The public sphere is just as much ours, as women, as it theirs, as men. I was traveling in Mombasa, Kenya, a few years back, and as I was strolling around with my son and some of my siblings, I noted something peculiar about the scenery. A lot of the men were outdoors, sitting outside drinking tea, chit chatting, eyeing us …and there were a few women in sight. If we did see any, they were en route to go somewhere, to the market, to run an errand, etc. They were not outside to just hang out, to enjoy the scenery, to chit chat, etc. 

I realized that to occupy us as women with work, especially domestic work, is by design, to keep us from imagining a better world for ourselves that doesn’t involve constant labor in the service of men. And our mothers, and the general society supports that we are not seen in the public. There is shame attached to a girl who is out and about. Isla wareegto baa loo bixiyaa. But there isn’t a male equivalent and if there is, its usually just said in a joking manner with no real repercussions or damage to their reputations.

We go back to this continuously, that it all starts in the home.
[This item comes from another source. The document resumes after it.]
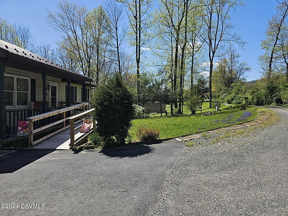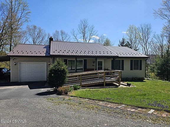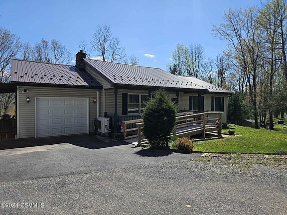 Secluded and private, this spacious Ranch home is situated at the end of Mikalonis Road with a panoramic view of mountains and valleys. Home has a lovely open floor plan with 2 full sized bedrooms to include a master bath in the master bedroom, a open kitchen with breakfast bar, dining area that leads thru sliding glass doors onto a deck overlooking the valley and mountains. Living area is open with cathedral ceiling and propane fireplace. Ample closet space to include kitchen pantry. wheel chair accessible, and stainless steel Kitchen Aid refrigerator and range are included. Lower level is full with 3/4 bath and washer. First floor bathroom has washer/dryer combination which is also included in sale. Home has a 1 car attached garage along with a carport all sitting on 1.759 acre
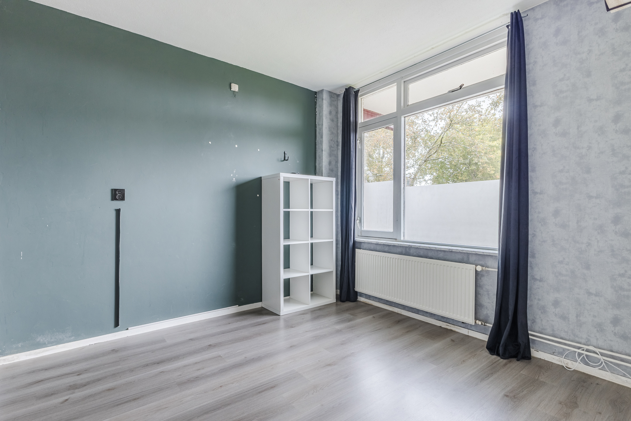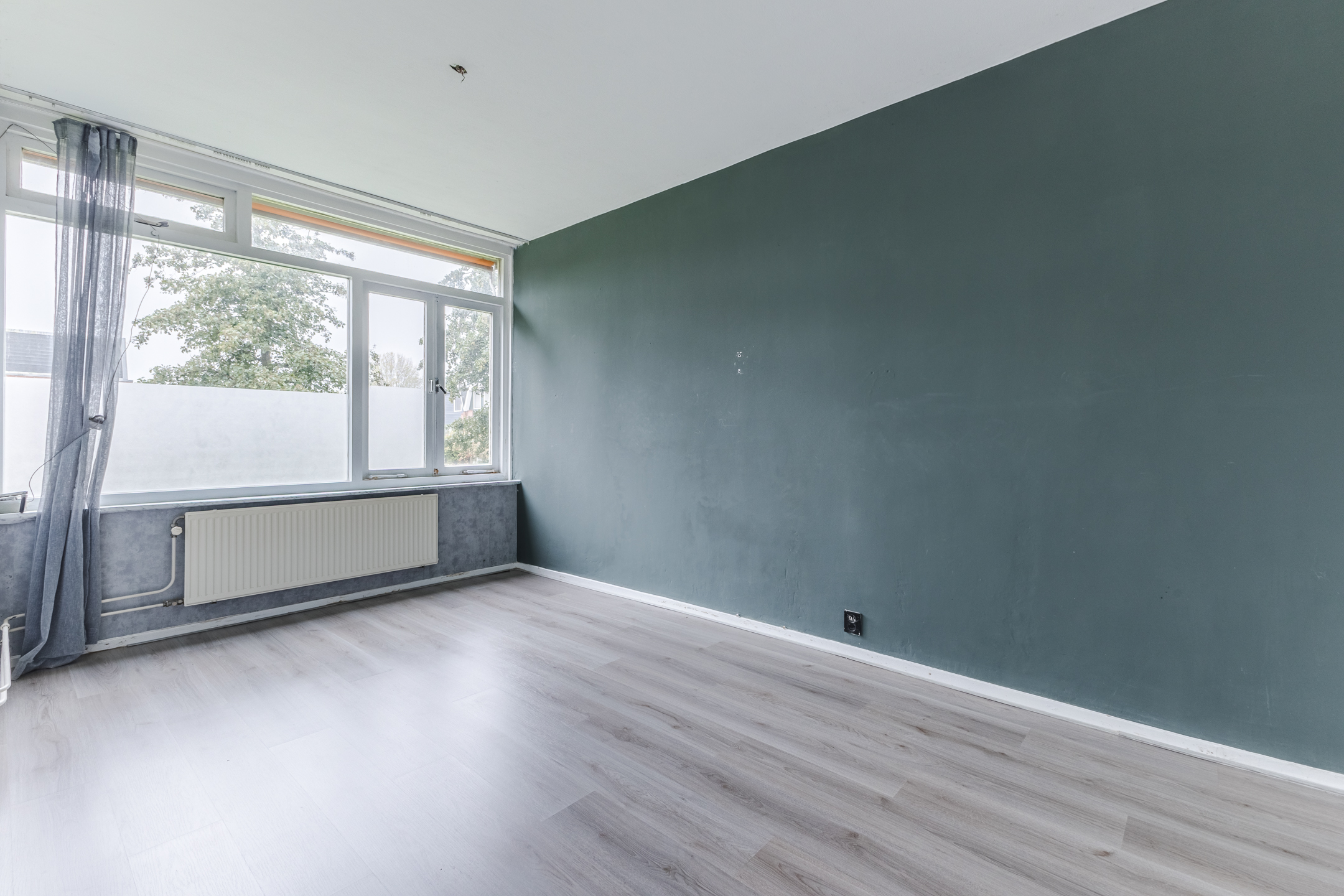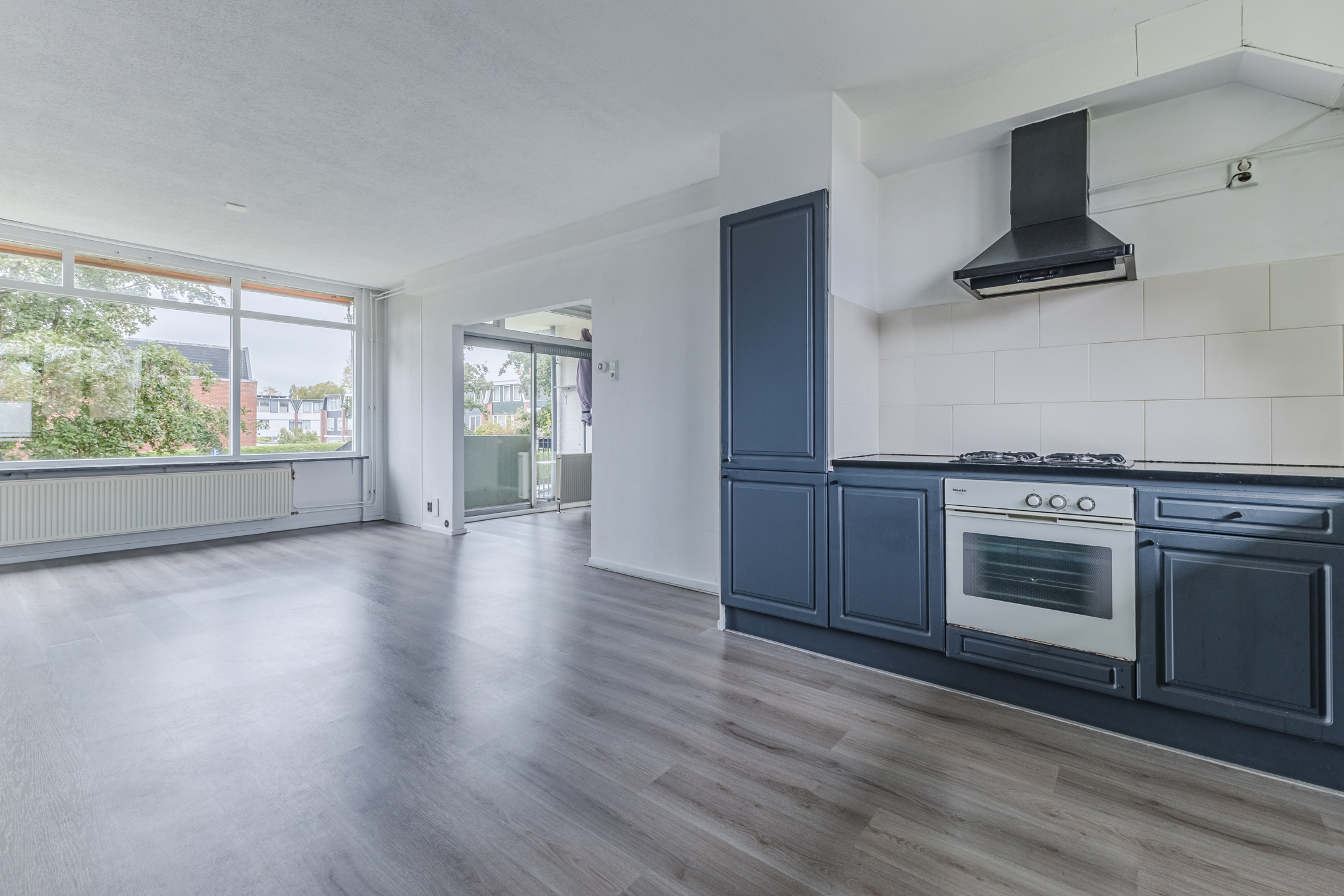 De woonkamer vormt het hart van het appartement en is afgewerkt met een fraaie vloer en strakke wanden. Het is een gezellige leefruimte waar genoeg plek is voor een zit- en eethoek. De grote raampartijen en schuifpui naar het balkon zorgen hier voor een overvloed aan natuurlijk licht. Het balkon biedt ruimte voor een gezellige zithoek en is nog geheel naar eigen smaak in te richten. Het is een heerlijke plek om van het mooie weer en het uitzicht op de groene omgeving te genieten.

All the ways that women are disenfranchised starts at home.

Now you may say that,”Ifrah, that Mombasa, Kenya,” but the thing is, patriarchy is quite global. I noticed the same scenery when I was in Somalia in 2019. It was even more anger inducing for me, because I was back in my home country after 26 years abroad. I felt suffocated most days. Granted, Somalia isn’t known currently for being the most safe place in the world, but even in seemingly well guarded areas, there were always more men in sight than there were women.

Our culture has it that women that are seen in public are not good women. When our reputation is tied to whether we are visible or not, then you can imagine that a lot of women are not going to be visible if they can help it to protect their reputation. The only acceptable reasons to be out in public would be to work, and that is out of necessity. But then this lack of visibility leads to exclusions from decision making tables, and we are back at square one again.


What we need to do is normalize women being in public just because they want to. Just the way men can sit outside a cafe, drink their tea, and chit chat about politics, or whatever they want. The more women are seen in public, living their lives, the more they are seen as equal to men. Equal access to public spaces = equality.